** Problem statement **
Would you return the data below exactly as it stands, with every picture left out?

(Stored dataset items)
· · · ·

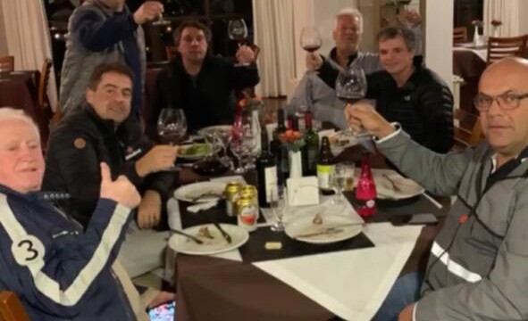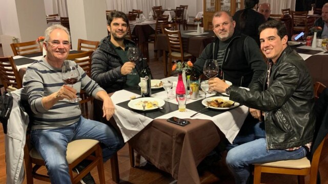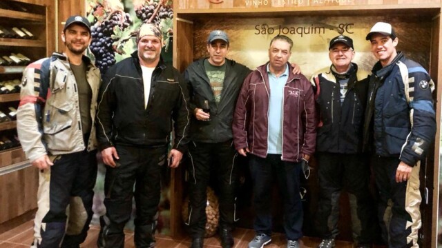 De Curitiba fomos experimentar o frio da Serra Catarinense. São Joaquim era a próxima parada. A chegada foi belíssima, no alto da serra, com um céu azul e já esfriando. Tudo perfeito, se não fosse por uma pedra no meio do caminho. Aliás, a única pedra durante mais de 3.000 km. Felizmente nosso Sargento Alexandre, que filmava a equipe, conseguiu, com perícia, controlar a moto, segurar o celular e garantir a filmagem, tudo sem cair. Mas a roda da Kawasaki sofreu, amassou mas foi rapidamente restaurada. Em São Joaquim fizemos nosso jantar de confraternização, depois da compra de vinhos tradicionais da região. O Comendador, em pessoa, experiente na arte de vender o próprio peixe, faturou alto naquele dia.
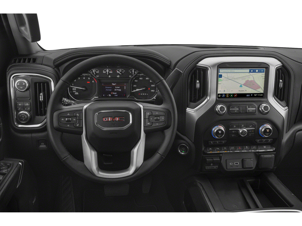 You'll never again be lost in a crowded city or a country region with the navigation system on the vehicle. This GMC Sierra comes equipped with Android Auto for seamless smartphone integration on the road. The vehicle keeps you comfortable with Auto Climate. This GMC Sierra has auto-adjust speed for safe following. This 1/2 ton pickup's Cross-Traffic Alert: Safeguarding you from unexpected traffic when reversing. This vehicle's Lane Departure Warning keeps you safe by alerting you when you drift from your lane. This vehicle features a hands-free Bluetooth® phone system. This 1/2 ton pickup stays safely in its lane with Lane Keep Assist. The rear parking assist technology on this 1/2 ton pickup will put you at ease when reversing. The system alerts you as you get closer to an obstruction. The leather seats in this unit are a must for buyers looking for comfort, durability, and style. This unit offers Apple CarPlay for seamless connectivity.
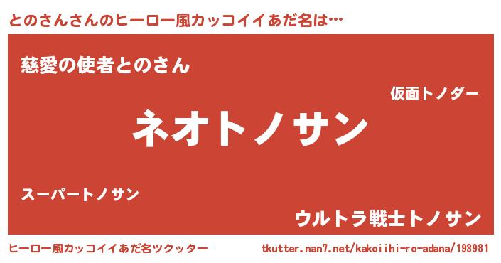| 意味不明あだ名 | 『永久保存とのさん』『ニラ科とのさん属』 |
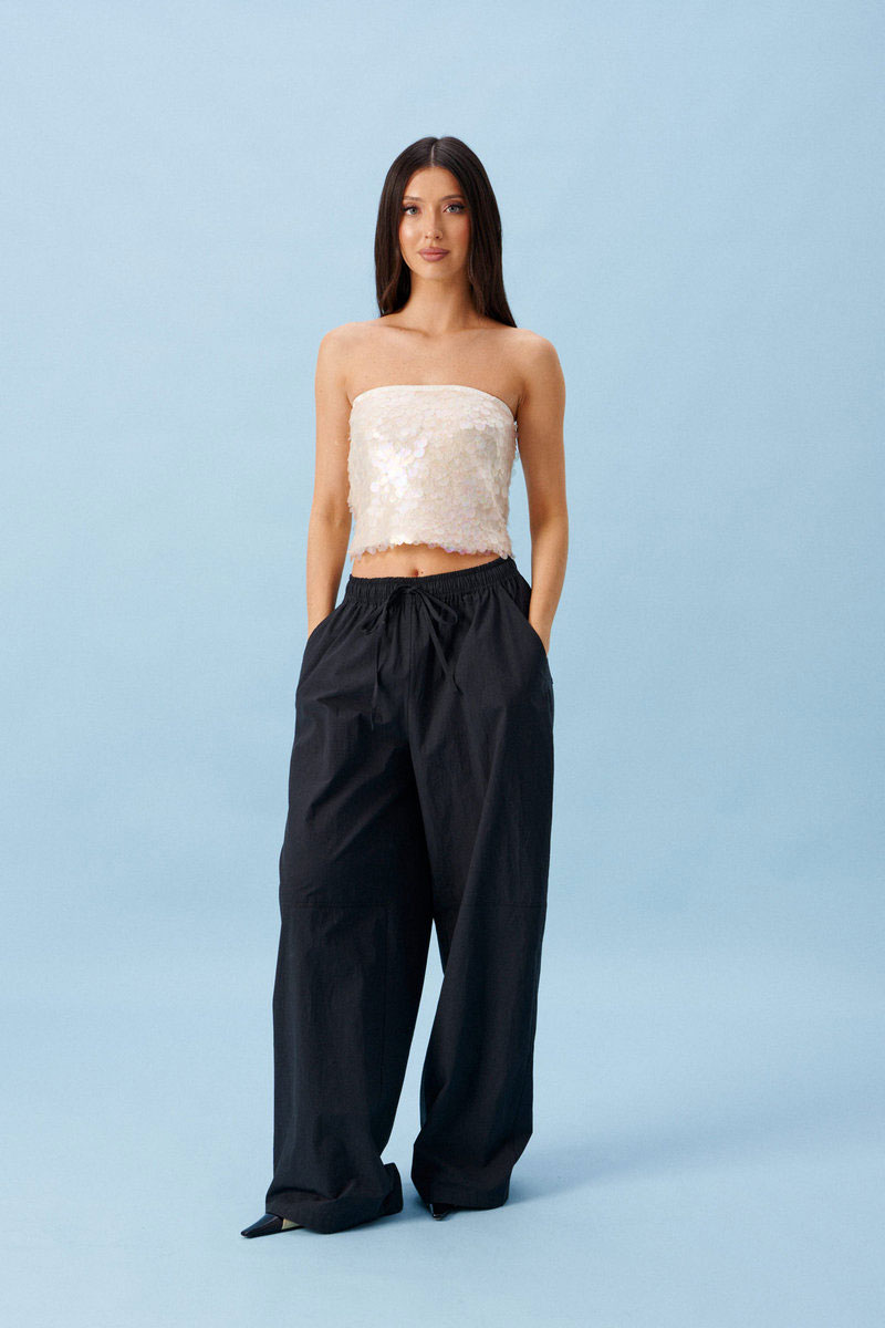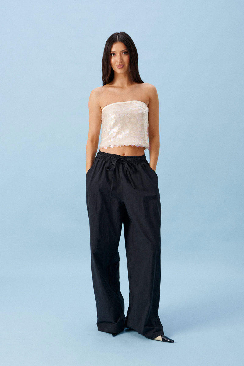 Топ свободного кроя. Выполнен из ткани с пайетками. С подкладкой. Верх на резинке.
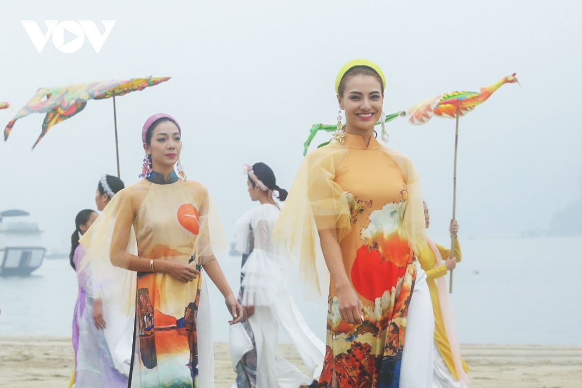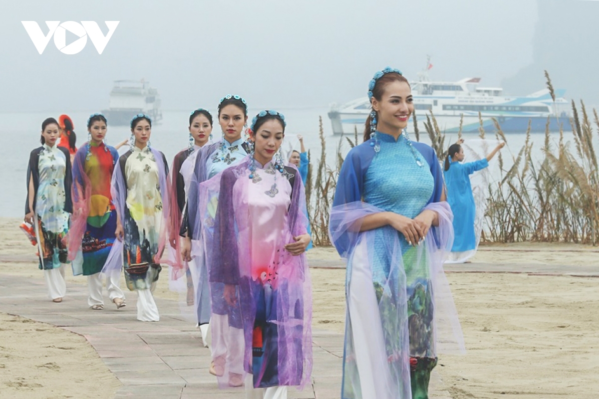 Ao Dai on show feature UNESCO-recognized World Natural Heritage Sites in Quang Ninh province. |
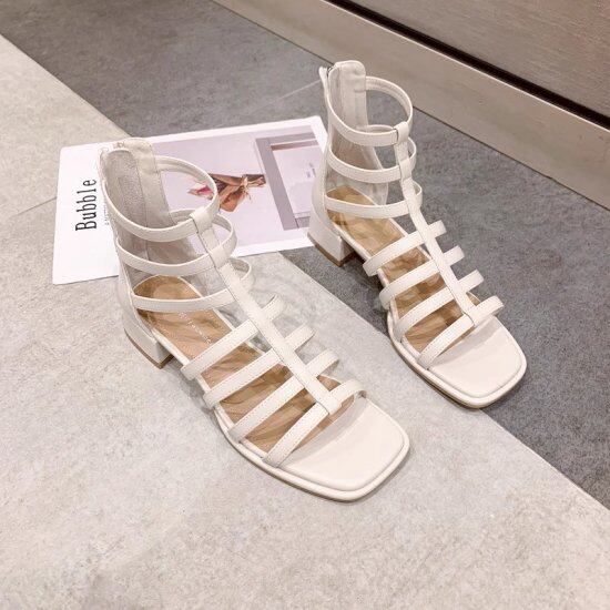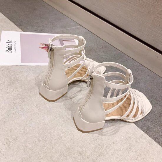 サンダル レディース グラディエーターサンダル ローヒール 太ヒール チャンキーヒール 3.5cmヒール フェイクレザー エコレザー アンクル バックファスナー オープントゥ カジュアル おしゃれ
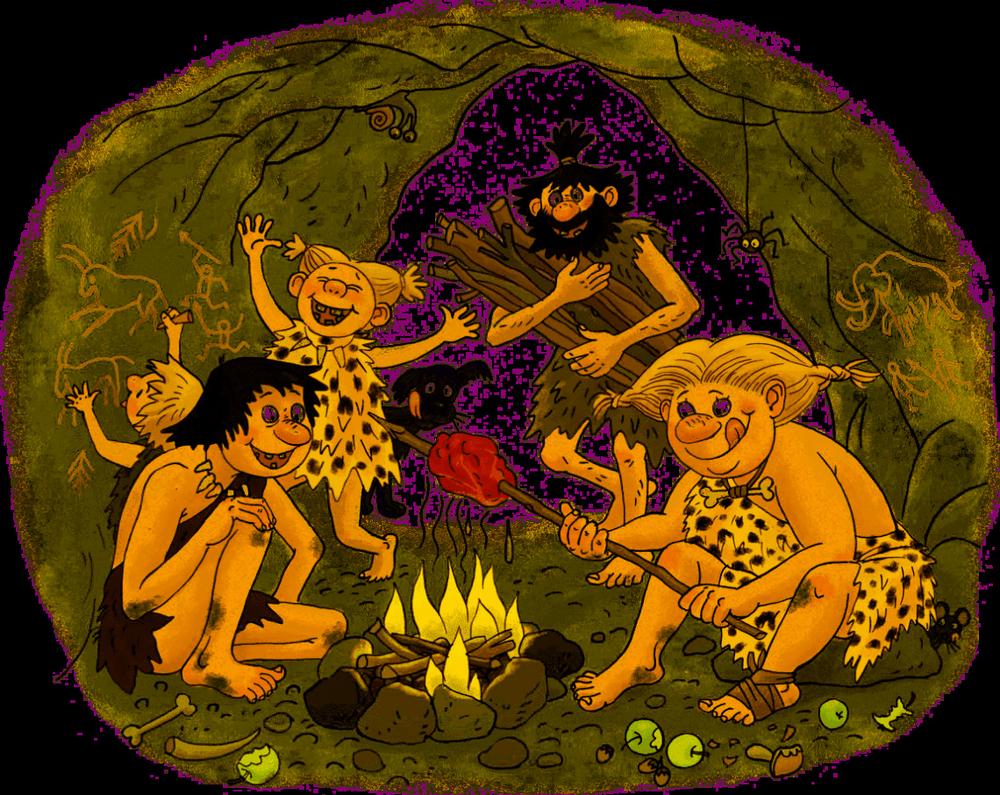 Если бы мы могли сесть в машину времени, отправиться в прошлое и заглянуть на обед к первобытному человеку, то увидели бы, что наши предки питались примерно одинаково. Они ещё не умели возделывать поля, поэтому охотились и собирали съедобные растения, которые встречались у них на пути, например орехи и дикие яблоки. А готовили эту нехитрую снедь на костре.
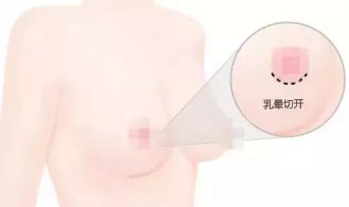 切口位于乳暈下緣以及皮膚交界處,深褐色乳暈與正常皮膚之間,結(jié)節(jié)狀乳暈皮脂腺掩飾,術(shù)后切口較隱蔽,但植入較大乳房假體較困難,因此,這種切口適合對(duì)于胸部假體選擇較小的女性。極適合有一定乳腺發(fā)育成熟的女性,較好是已婚且已生育過的女性,適合舞蹈工作者等。
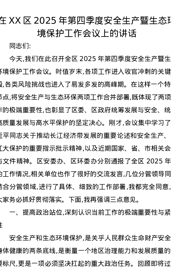 在XX区2025年第四季度安全生产暨生态环境保护工作会议上的讲话2
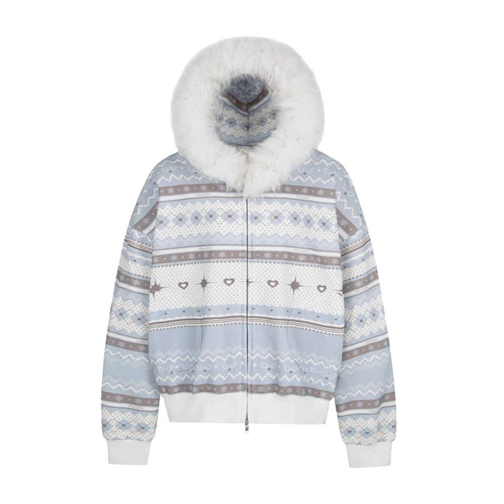 이스케이프프롬 노르딕 퍼 투웨이 후드집업 블루
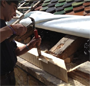 Charpente des combles : renforcement des chevrons-tirants des transepts et de la nef au moyen d’un sabot en bois sec et consolidation par l’installation de six tirants, afin d’éviter l'écartement de la charpente. |
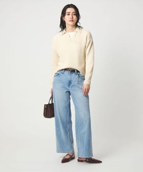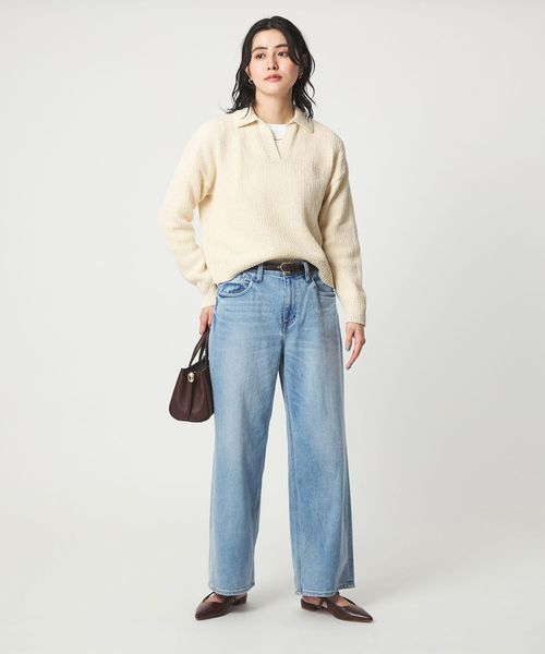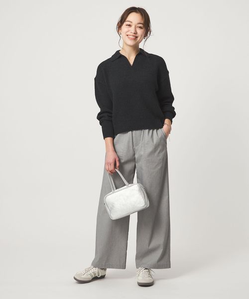 ワイドパンツと合わせると、カジュアルながら上品なムードに。
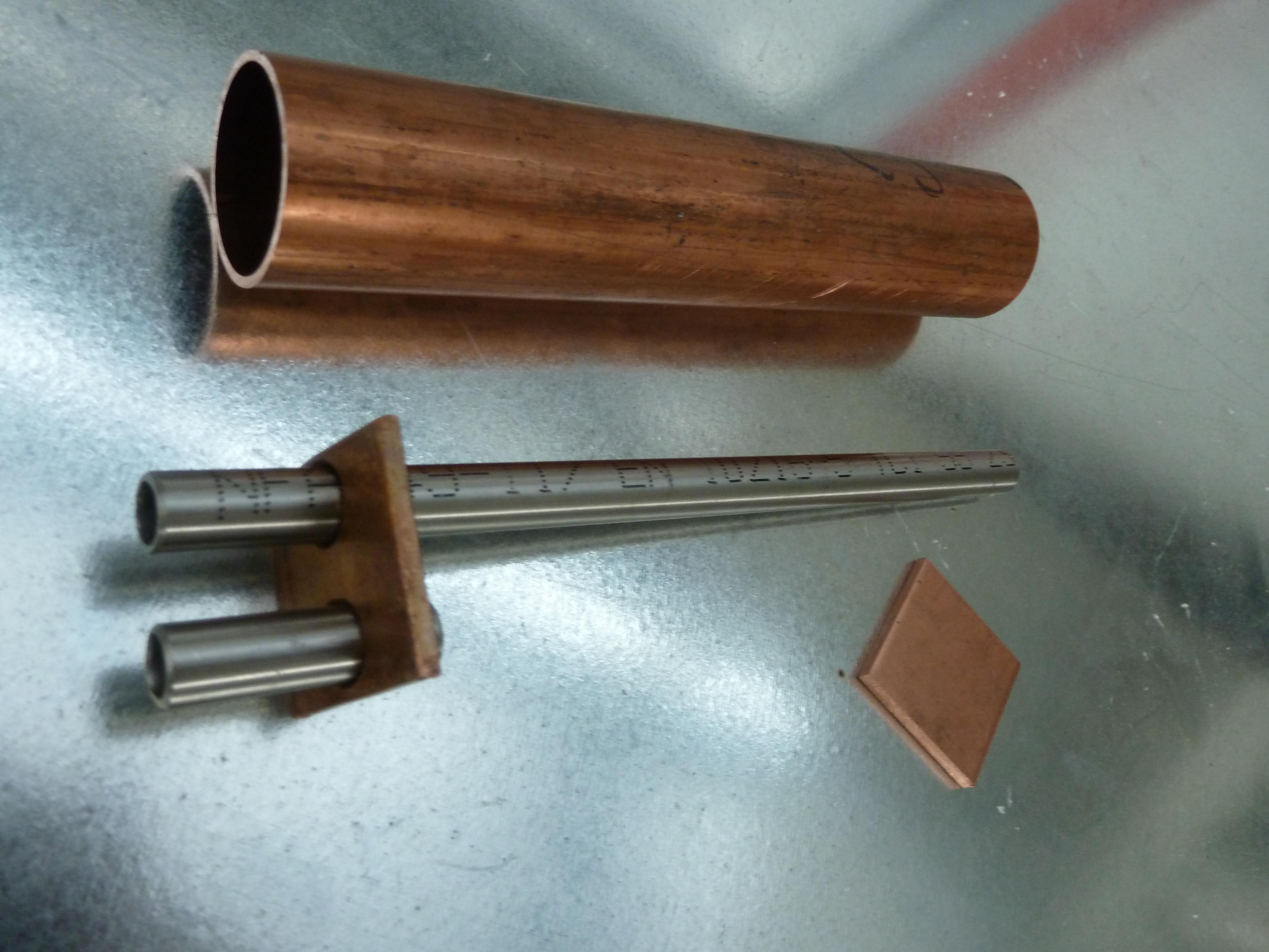 Ich arbeite gerade an folgenden Kühlelementen: Ein Stück Kupferrohr Durchmesser ca. 40mm das oben und unten je
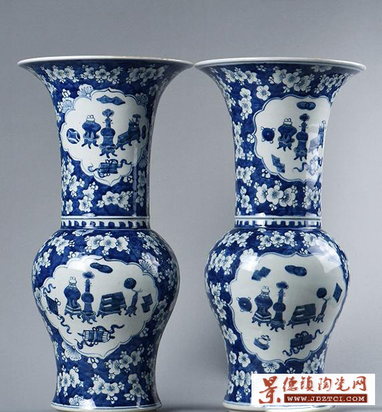 開窗繪博古紋青花鳳尾尊,該器造型優(yōu)美,大口外撇,長頸漸收,鼓腹下斂,足底外傾,二層臺圈足。鳳尾尊的大口向外張開呈鳳尾狀而得名。外壁繪青花繪冰梅紋,開窗繪制博古紋,造型挺拔端正,足端露胎處可見胎質潔白細膩,緊實致密。釉面光潔瑩潤,滿繪百花圖紋,頸部和腹部分別對稱開窗繪制博古紋,相得益彰。
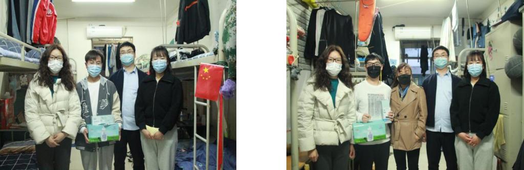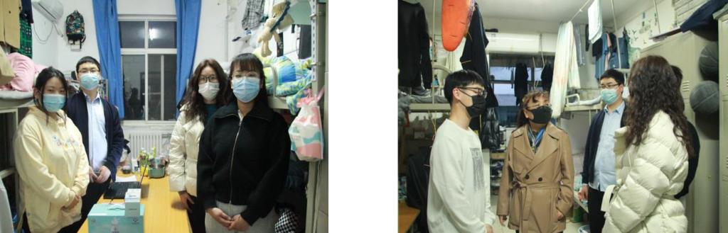 智信学院党总支副书记李粒、团委书记景安琪、团委副书记郝宇刚以及辅导员师婷深入到学生宿舍,重点对经济困难学生送去慰问品和关心,对学生的卫生整理、疫情防控进行了调查,嘱咐学生要及时反馈学习和生活中所遇到的困难的各类问题,学校、学院将全力保障在校同学的生活舒心、学习安心,同时在这段特殊的时期中,同学们也要注意宿舍卫生,积极配合学校的疫情防控工作。
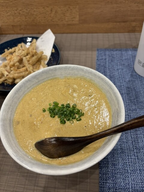 〇〆は友人はクリーミーカレーうどん(うどんはツルツルでクリーミーなピリ辛カレーうどんが
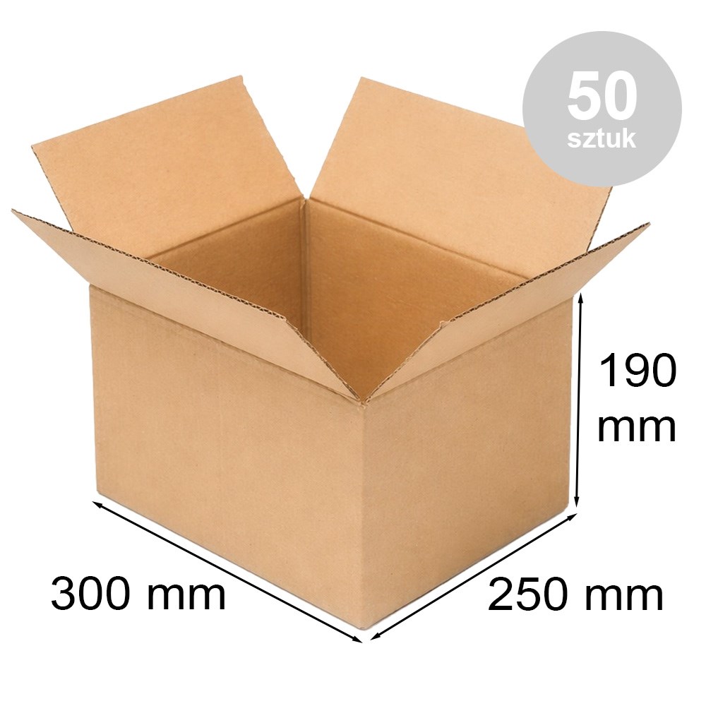 Zestaw 50 sztuk kartonów klapowych w kolorze brązowym o wymiarach 300×250×190 mm przeznaczonych do pakowania oraz transportu produktów. Wykonane z tektury 3-warstwowej o gramaturze 360 g/m² z falą B, zapewniają ochronę zawartości. Dodatkowo konstrukcja klapowa umożliwia szybkie zamknięcie kartonu przy użyciu taśmy.
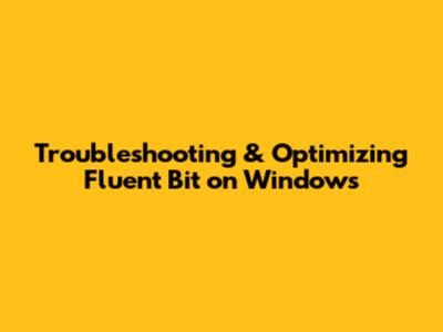 Troubleshooting & Optimizing Fluent Bit On Windows

· · · ·

** Answer **
 De Curitiba fomos experimentar o frio da Serra Catarinense. São Joaquim era a próxima parada. A chegada foi belíssima, no alto da serra, com um céu azul e já esfriando. Tudo perfeito, se não fosse por uma pedra no meio do caminho. Aliás, a única pedra durante mais de 3.000 km. Felizmente nosso Sargento Alexandre, que filmava a equipe, conseguiu, com perícia, controlar a moto, segurar o celular e garantir a filmagem, tudo sem cair. Mas a roda da Kawasaki sofreu, amassou mas foi rapidamente restaurada. Em São Joaquim fizemos nosso jantar de confraternização, depois da compra de vinhos tradicionais da região. O Comendador, em pessoa, experiente na arte de vender o próprio peixe, faturou alto naquele dia.
 You'll never again be lost in a crowded city or a country region with the navigation system on the vehicle. This GMC Sierra comes equipped with Android Auto for seamless smartphone integration on the road. The vehicle keeps you comfortable with Auto Climate. This GMC Sierra has auto-adjust speed for safe following. This 1/2 ton pickup's Cross-Traffic Alert: Safeguarding you from unexpected traffic when reversing. This vehicle's Lane Departure Warning keeps you safe by alerting you when you drift from your lane. This vehicle features a hands-free Bluetooth® phone system. This 1/2 ton pickup stays safely in its lane with Lane Keep Assist. The rear parking assist technology on this 1/2 ton pickup will put you at ease when reversing. The system alerts you as you get closer to an obstruction. The leather seats in this unit are a must for buyers looking for comfort, durability, and style. This unit offers Apple CarPlay for seamless connectivity.
| 意味不明あだ名 | 『永久保存とのさん』『ニラ科とのさん属』 |
 Топ свободного кроя. Выполнен из ткани с пайетками. С подкладкой. Верх на резинке.
 Ao Dai on show feature UNESCO-recognized World Natural Heritage Sites in Quang Ninh province. |
 サンダル レディース グラディエーターサンダル ローヒール 太ヒール チャンキーヒール 3.5cmヒール フェイクレザー エコレザー アンクル バックファスナー オープントゥ カジュアル おしゃれ
 Если бы мы могли сесть в машину времени, отправиться в прошлое и заглянуть на обед к первобытному человеку, то увидели бы, что наши предки питались примерно одинаково. Они ещё не умели возделывать поля, поэтому охотились и собирали съедобные растения, которые встречались у них на пути, например орехи и дикие яблоки. А готовили эту нехитрую снедь на костре.
 切口位于乳暈下緣以及皮膚交界處,深褐色乳暈與正常皮膚之間,結(jié)節(jié)狀乳暈皮脂腺掩飾,術(shù)后切口較隱蔽,但植入較大乳房假體較困難,因此,這種切口適合對(duì)于胸部假體選擇較小的女性。極適合有一定乳腺發(fā)育成熟的女性,較好是已婚且已生育過的女性,適合舞蹈工作者等。
 在XX区2025年第四季度安全生产暨生态环境保护工作会议上的讲话2
 이스케이프프롬 노르딕 퍼 투웨이 후드집업 블루
 Charpente des combles : renforcement des chevrons-tirants des transepts et de la nef au moyen d’un sabot en bois sec et consolidation par l’installation de six tirants, afin d’éviter l'écartement de la charpente. |
 ワイドパンツと合わせると、カジュアルながら上品なムードに。
 Ich arbeite gerade an folgenden Kühlelementen: Ein Stück Kupferrohr Durchmesser ca. 40mm das oben und unten je
 開窗繪博古紋青花鳳尾尊,該器造型優(yōu)美,大口外撇,長頸漸收,鼓腹下斂,足底外傾,二層臺圈足。鳳尾尊的大口向外張開呈鳳尾狀而得名。外壁繪青花繪冰梅紋,開窗繪制博古紋,造型挺拔端正,足端露胎處可見胎質潔白細膩,緊實致密。釉面光潔瑩潤,滿繪百花圖紋,頸部和腹部分別對稱開窗繪制博古紋,相得益彰。
 智信学院党总支副书记李粒、团委书记景安琪、团委副书记郝宇刚以及辅导员师婷深入到学生宿舍,重点对经济困难学生送去慰问品和关心,对学生的卫生整理、疫情防控进行了调查,嘱咐学生要及时反馈学习和生活中所遇到的困难的各类问题,学校、学院将全力保障在校同学的生活舒心、学习安心,同时在这段特殊的时期中,同学们也要注意宿舍卫生,积极配合学校的疫情防控工作。
 〇〆は友人はクリーミーカレーうどん(うどんはツルツルでクリーミーなピリ辛カレーうどんが
 Zestaw 50 sztuk kartonów klapowych w kolorze brązowym o wymiarach 300×250×190 mm przeznaczonych do pakowania oraz transportu produktów. Wykonane z tektury 3-warstwowej o gramaturze 360 g/m² z falą B, zapewniają ochronę zawartości. Dodatkowo konstrukcja klapowa umożliwia szybkie zamknięcie kartonu przy użyciu taśmy.
 Troubleshooting & Optimizing Fluent Bit On Windows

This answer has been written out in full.